Relationship Advice: 5 Reasons Relationships Fail

Relationship Advice: 5 Reasons Relationships Fail

Q: It seems like all my friends are getting divorced or separated. I’m about to get married and I really want my marriage to work. I’m wondering why so many couples struggle with relationship problems or end up divorced?

A: We are social creatures and need each other (for some that may feel like a gift, for others, sadly, a curse). We all emerged from a place of total dependency on others. Who we are (our psychological and emotional self) emerged out of our early relationships. Because of this, we have a strong desire to be in an intimate relationship–to find a life-partner to share ourselves with.

An intimate, committedd relationship is the playground where we feel most alive – through meaningful, authentic connections with your partner, you find your deepest sense of self. It sounds like you’re well aware that for many, this isn’t the case. Despite our psychological and emotional need to be in relationships, a high number of marriages/relationships are failing and our inherent need for connection with another is bringing more pain than fulfillment. Let’s briefly look at why this might be the case.

5 Reasons Why Relationships Fail

1. The Fall From Grace: Paradise Lost

All intimate relationships involve a fall from grace. The intensity of feelings and spontaneous passion couples first experience seldom last. For many, this sets the stage for ongoing disappointment due to expectations that the magic that embued the beginning of one’s relationship would last indefinitely. Couples need to be aware of this reality in order to offset erroneous beliefs that what occurs early on in one’s relationship is supposed to be the norm forever.

2. I Thought I Knew You!

The desire to be married or in a committed relationship can lead couples to ignore significant personality differences that can be problematic down the road. If you ever find yourself asking, “I thought I knew her” or “where is the man I married,” it may be that the evidence of these differences was either well-concealed early on or your “passion goggles” failed to recognize these differences. While differences are a natural part of love, when they involve conflicts over your and your partner’s core values, marriage problems or relationship trouble may result.

3. What’s In It For Me?

Certain cultures reinforce the development of individualism and competitiveness over mutuality and self-sacrifice. Unfortunately this leads to a “what’s in it for me” attitude that is deeply ingrained in people’s psyches and this can have a profound impact on how you relate to your spouse/partner. In my work, I’m seeing more and more couples place unrealistic demands on their relationship, expecting all their needs to be met and seeing the natural frustrations of couplehood as a sign that they’re with the wrong person.

4. Know Thy Self

Most of us do not conduct a detailed inventory of what we want and expect from our partner. And isn’t it fair to say that we do not conduct an honest inventory of our own shortcomings that can negatively impact our marriag/relationship. In other words, relationships take work and a willingness for self-examination. Part of this work involves preparation for the demands and challenges of a long-term committment. I frequently ask couples, “Did you examine your own and your partner’s expectations and goals about the relationship?” Sure, many ask if their partner wanted children, but seldom does the discussion go beyond that.  Too many couples jump into a committed relationship without preparing for what’s to come.
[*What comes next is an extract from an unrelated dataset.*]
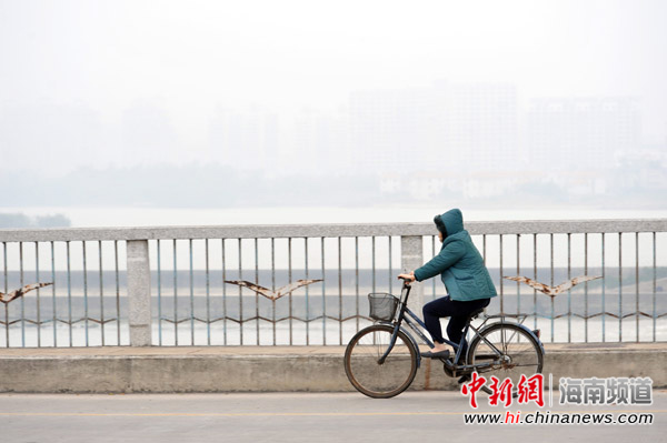 琼海市民在雾色中出行。

5. Doing What You Know (Even When It’s Unhealthy)

Many of us grew up experiencing and witnessing unhealthy relationships, relationships that have little or no place in today’s society. Patriarchal families, where lopsided power differences were the norm, clash with the developing trends of contemporary society. Equality, mutuality and compromise continue to become the new norm for marriages/relationships. Unfortunately, you may have internalized the old, unhealthy relationship scripts, even if you’re not fully conscious of them. And the worst part is that these old family scripts often exert their strongest influence as your marriage/relationship matures and your partner appropriately requests greater intimacy from you.

While the above list isn’t exhausvie, it’s a starting place to help increase our mindfulness about what can contribute to relationship problems. The goal is for you and your partner to have as much information as possible about what makes a marriage/relationship work well and what leads to entrenched marital and relationship problems.